Developing a cartilage-on-chip platform for osteoarthritis

Osteoarthritis (OA) is a progressive degenerative joint disease that impacts millions of individuals globally. Despite extensive research efforts to understand the disease and develop effective therapies, current treatments remain limited to surgery and palliative medication. The lack of robust preclinical models for OA poses a significant challenge to advancing research on disease-modifying osteoarthritis drugs (DMOADs). Consequently, there is a need for in vitro models that can accurately assess the DMOADs.

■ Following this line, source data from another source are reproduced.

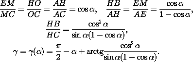 Для этого выразим γ как функцию от α . Проведем HE | BM ( E — точка на AC ). Тогда (рис. 7)
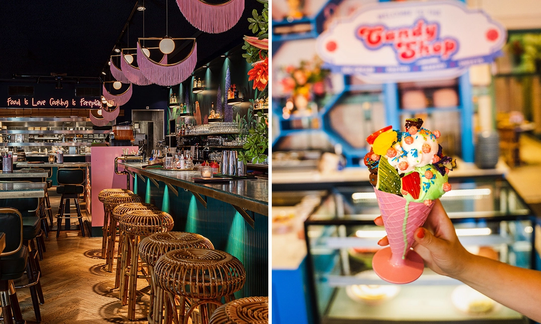 Als je The Streetfood Club binnenloopt, loop je de 'happy place' van de eigenaren binnen; het is een mix van luxe en street. Waar het kleurrijke, luxe interieur samensmelt met een laagdrempelige ontspannen sfeer op een unieke locatie.
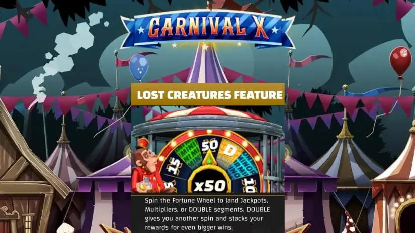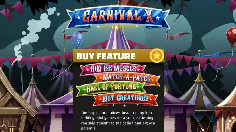 Carnival X is an interactive and dynamic slot consisting of a main game where players can bet on one of four multipliers or one of four mini-games.
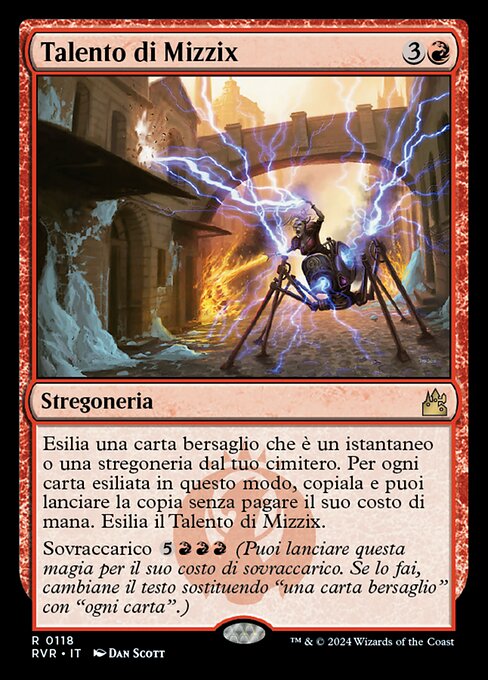 |  Variations— Parts— | Talento di MizzixEsilia una carta bersaglio che è un istantaneo o una stregoneria dal tuo cimitero. Per ogni carta esiliata in questo modo, copiala e puoi lanciare la copia senza pagare il suo costo di mana. Esilia il Talento di Mizzix.Sovraccarico
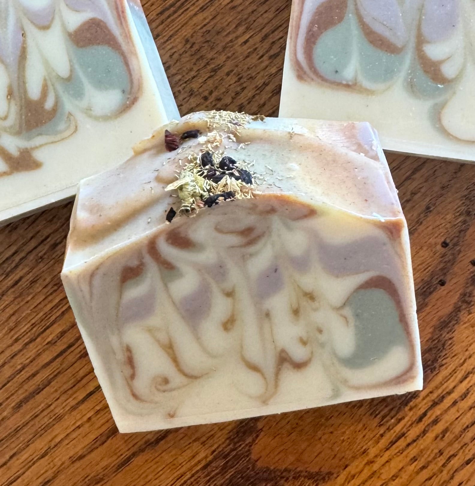 A blend of kaolin clay, French green clay, and French purple clay helps draw out impurities, while turmeric adds a warm golden tone. Each bar is naturally beautiful, featuring lovely swirls of earthy greens, soft purples, and golden hues — no artificial colorants, just plant and mineral color.

Injectable hybrid hydrogels comprising tyramine (TA)-functionalized hyaluronic acid (HA), dextran (Dex), and chondroitin sulfate (CS) that crosslink in situ upon mixing with horseradish peroxidase and H2O2 have been developed and demonstrated to enhance the chondrogenic activity of human articular chondrocytes (ACs) and nasal chondrocytes (NCs) in free-swelling scaffolds. In this study, we investigated the chondrogenic activity of chondrocytes-laden hydrogels at the microscale using the RE-PLATE multi-compression Cartilage-on-Chip (CoC) platform provided by Chiron B.V. By leveraging the platform's capability to apply mechanical compression, we were able to compare chondrogenesis under static and actuated conditions among different hydrogel formulations.

Hybrid hydrogels comprising Dex-TA, HA-TA, and CS-TA laden with healthy ACs or NCs were tested. Encapsulated cells were cultured in a chondrogenic medium for 21 days in either static condition or subjected to mechanical stimulation for 1 hour every day under physiological loading (400 mBar, 1 Hz). Chondrogenic activity was assessed by RNA expression and immuno-staining of the hydrogels. Cell viability and cell migration were also observed during the culture period.

Loading of the CoC with the cell-laden injectable hydrogels was easy and resulted in complete filling of the respective cell/hydrogel compartment. All hydrogel formulations remained structurally intact and maintained high cell viability after 21 days under static and mechanical stimulation. Cell migration was observed under actuated conditions, suggesting an early cellular response to mechanical stimulation, as cells tended to move closer to the stimulation source. Enhanced up-regulation of cartilage-associated genes such as ACAN, COLII, and SOX9, was observed for all mechanically actuated hydrogel formulations. Correspondingly, the immuno-staining showed higher deposition of COLII and proteoglycans in actuated conditions.

The hybrid hydrogel system, incorporating Dex-TA, HA-TA, and CS-TA, successfully served as a scaffold supporting cell proliferation and chondrogenic differentiation within the CoC platform. Mechanical stimulation enhanced chondrogenic activity in ACs and NCs, highlighting the platform's potential for mimicking healthy cartilage tissue. This easy-to-use innovative CoC platform has great potential for application in the screening of DMOADs.